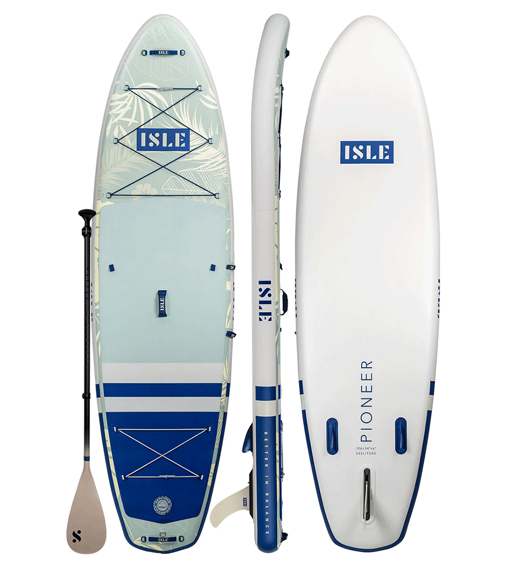 The ISLE Pioneer inflatable SUP is a reliable board for SUP surfing. Its wide nose and tail provide excellent stability while the three-fin setup helps with maneuverability on the waves.
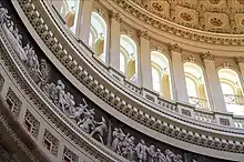 Ocupa la banda inferior de las 36 ventanas. Se trata de un fresco con 19 escenas de la historia de Estados Unidos. Brumidi las diseñó en 1859 pero no se empezaron a pintar hasta 1878. Brumidi pintó 7 escenas y una parte de otra, mientras trabajaba en la escena "William Pell y los indios" cayó del andamio y murió a los pocos meses. Fue terminado por diferentes artistas.
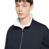 Maritime-inspired designs enrich casual silhouettes perfect for the seaside, featuring stripes, anchor motifs and the House logo in the Pre-Fall 2025 collection. This zip jacket appears in dark blue GG cotton gabardine on one side and white cotton gabardine on the other. - Dark blue GG cotton gabardine on one side and white cotton gabardine on the other - Embossed Gucci logo - Stand-up collar - Long sleeves - Front pockets - Elasticated waistband - Front zip closure - Made in Italy
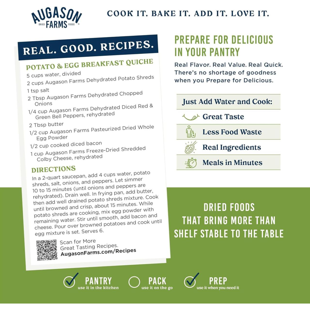 Від перевіреного виробника: Augason Farms — це компанія, якій сім“ї довіряють якісні дегідровані продукти. Наші інгредієнти, відомі своєю свіжістю, смаком і якістю, забезпечують сім“ям спокій і гарантують їм їжу, на яку вони можуть покластися.
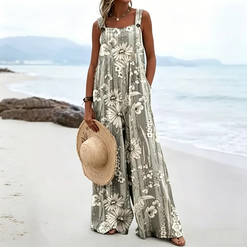 Women'S Linen Blend Bohemian Style Art Striped Floral Print Beach Casual Wide-Leg Overalls
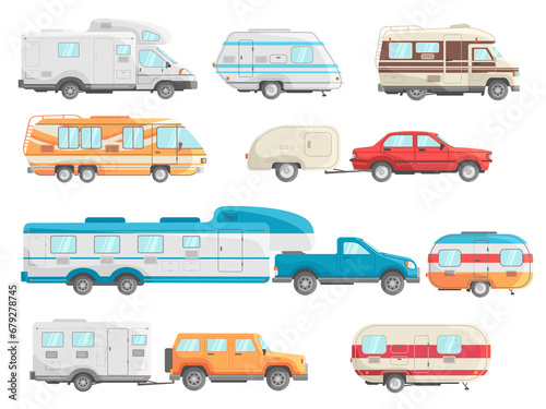 Naklejka premium Motorhome cars. Caravan rv campers, retro travel car, vintage trailer...
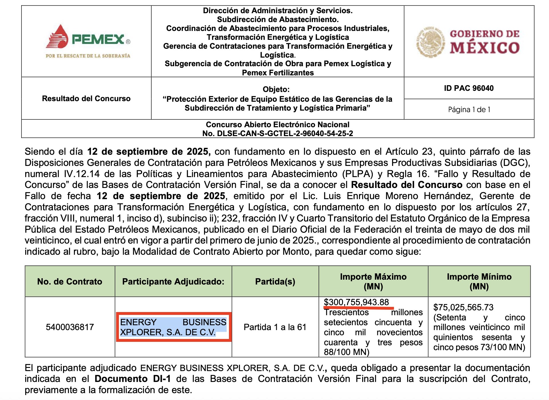 Denuncia al 9933989844… 🚩⚠️🤑 ¡XPLORER gana $600 MDP en Pemex, embarrada con A ROVIROSA, detenido en EU por sobornos!; hasta antes de 2025, la empresa tabasqueña Energy Business Xplorer, fundada desde el año 2013 por Christian Alejandro Gómez Méndez y Pedro Osorio García -hoy tiene como accionistas a Luis Alberto Hinojos Ramírez y Armando Carlos Cano Cherizola- no figuraba como contratista, pero extrañamente en los últimos cinco meses ganó dos contratos en @Pemex que suman un monto de 600,628,307.88 pesos; el primer contrato fue adjudicado el pasado 30 de abril a través de la licitación PEP-CAN-O-GCP (Lucy Lozano Rodríguez) 502-102565-25-1 para los servicios de mantenimiento y rehabilitación de redes contraincendios en instalaciones de proceso de los Activos de Producción de @Pemex Exploración y Producción (PEP ahora DEE) por un monto de 299,872,364 peso, que fue avalado entre otros por Elsa Elena González Izquierdo, SPA del titular de la subgerencia de contrataciones sur, y Pablo Ángeles Hernández, superintendente de Contratación; el otro contrato fue otorgado el pasado 12 de septiembre a través de la licitación No. DLSE-CAN-S-GCTEL-2-96040-54-25-2 para la protección exterior de equipo estático de las Gerencias de la Subdirección de Tratamiento y Logística Primaria por un monto máximo a ejercer de 300,755,943.88 pesos, avalado por los funcionarios Enrique Gascón López, SPA de la Subgerencia de Contratación de Obra para @Pemex Logística y @Pemex Fertilizante (PLOG y PF ahora DLSE y DPI), y Refugio Sobrevilla Tadeo, supervisor; pero resulta que Energy Business Xplorer podría estar ligada a los caso de soborno por las que el Gobierno de EU detuvo al empresario tabasqueño Ramón Alexandro Rovirosa Martínez, quien permanece detenido, pues resulta que Luis Alberto Hinojos Ramírez, hoy socio mayoritario y administrador único de Energy Business Xplorer fungió como representante legal del consorcio Bloque VC O1 SAPI, empresa encargada del área contractual VC 01 en Veracruz y en la que el mismo Rovirosa Martínez fungía como consejero, según muestran documentos oficiales; solo así, a través de los sobornos denunciados por EU es que podría entenderse que la firma Energy Business Xplorer que no figuraba como contratista en @Pemex , hoy tenga firmado dos contratos por más de 600 MDP en la petrolera nacional; atención @Claudiashein @MarcelaVilleg15 @CNE_Mex @SENER_mx @GobiernoMX @FGRmexico @LuzElena_GE @ASF_Mexico  @SCJN @STPS_mx @Tu_IMSS @SEMARNAT_mx @agencia_asea @CENAGAS_mx @IMPetroleo @SATMX @Hacienda_Mexico @BuenGobierno_mx @Centrofcrl #OIC #UIF #OmarReyesColmenares …Zas!!!
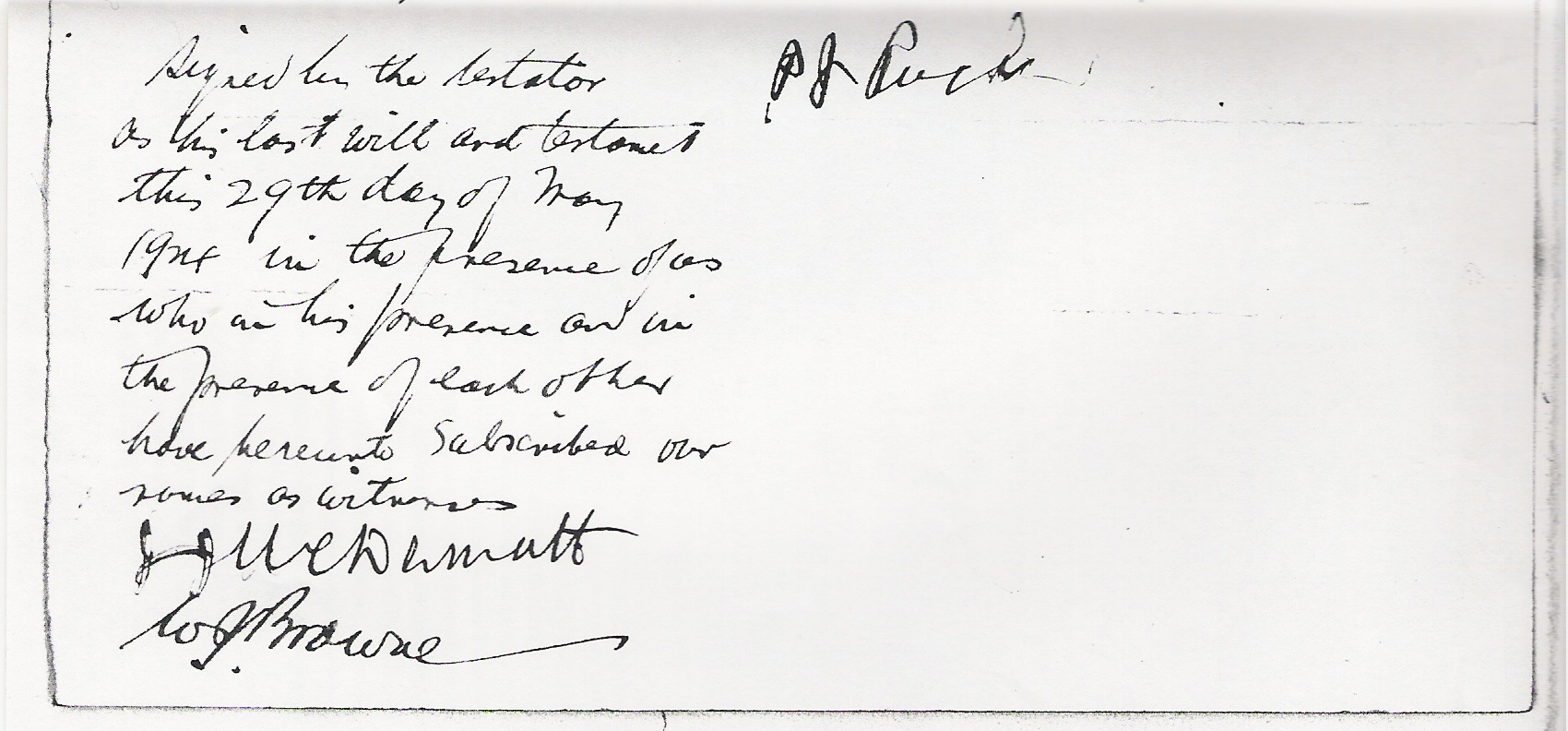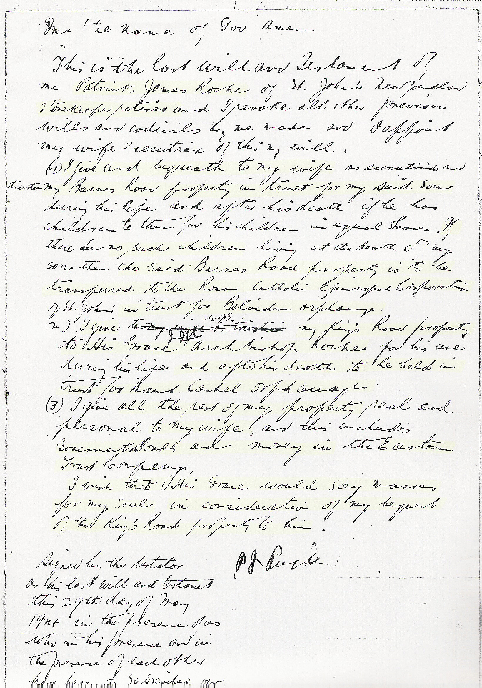 I wish that His Grace would say Masses for my soul in consideration of my bequest of the King's Road property to him. Signed by the Testator P.J. Roche J.J. McDermott Note: The Petition to the Supreme Court of Newfoundland or one of the Honourable Judges thereof by Solicitor W.J. Browne on behalf of Joanna Roche was dated 18 August 1924. It valued the Estate at $5820.00 and states that Patrick J. Roche died on or about 16 July 1924 survived by his wife and son John, no other next of kin.
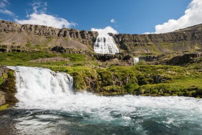 Kálfeyrarsfoss ist ein übersehener und fast völlig unbekannter Wasserfall am Fluss Dynjandisá, den Sie direkt neben der Straße Nummer 60 finden, die zum Wasserfall Dynjandi führt. Der Wasserfall ist malerisch, seine Gesamtfallhöhe beträgt etwa 15 Meter. Ein kurzer Stopp am Kálfeyrarsfoss lohnt sich auf jeden Fall, als Teil des Dynjandisheiði-Gebiets.
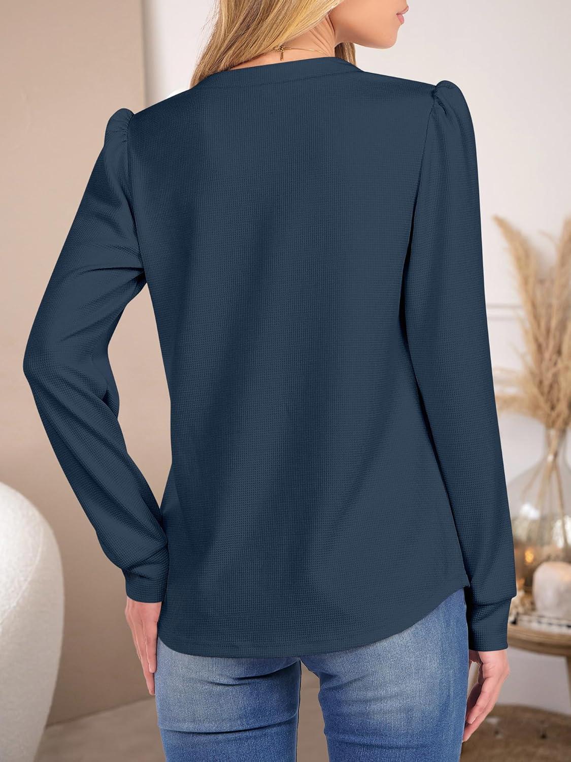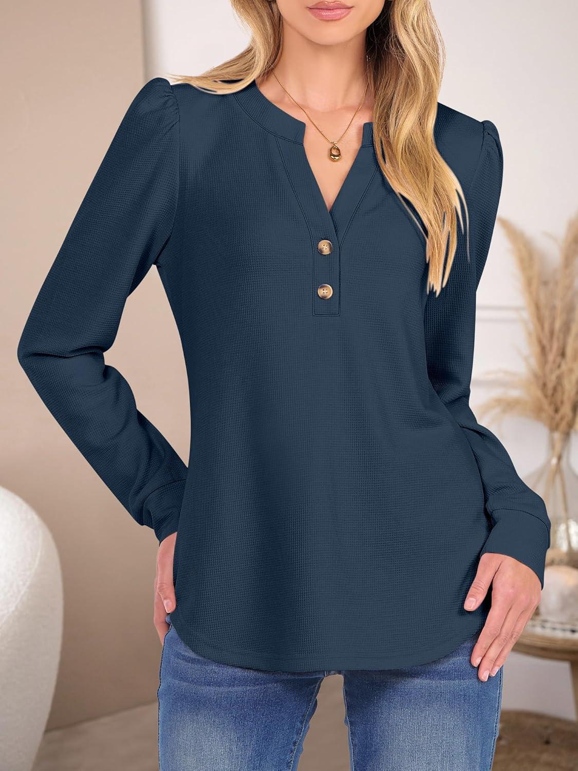 ANRABESS Women’s Long Sleeve Henley Tops Waffle Knit Tunics Shirts Dressy Casual Blouses Cute T-Shirts 2025 Fall Outfit(Navy Blue)
--------
* [Your assignment]:
In the entries above, find the line containing "Від перевіреного виробника: Augason" and the line containing "Naklejka premium Motorhome"; give again exactly those two lines and every line between them, minus the pictures.

* [Result]:
 Від перевіреного виробника: Augason Farms — це компанія, якій сім“ї довіряють якісні дегідровані продукти. Наші інгредієнти, відомі своєю свіжістю, смаком і якістю, забезпечують сім“ям спокій і гарантують їм їжу, на яку вони можуть покластися.
 Women'S Linen Blend Bohemian Style Art Striped Floral Print Beach Casual Wide-Leg Overalls
 Naklejka premium Motorhome cars. Caravan rv campers, retro travel car, vintage trailer...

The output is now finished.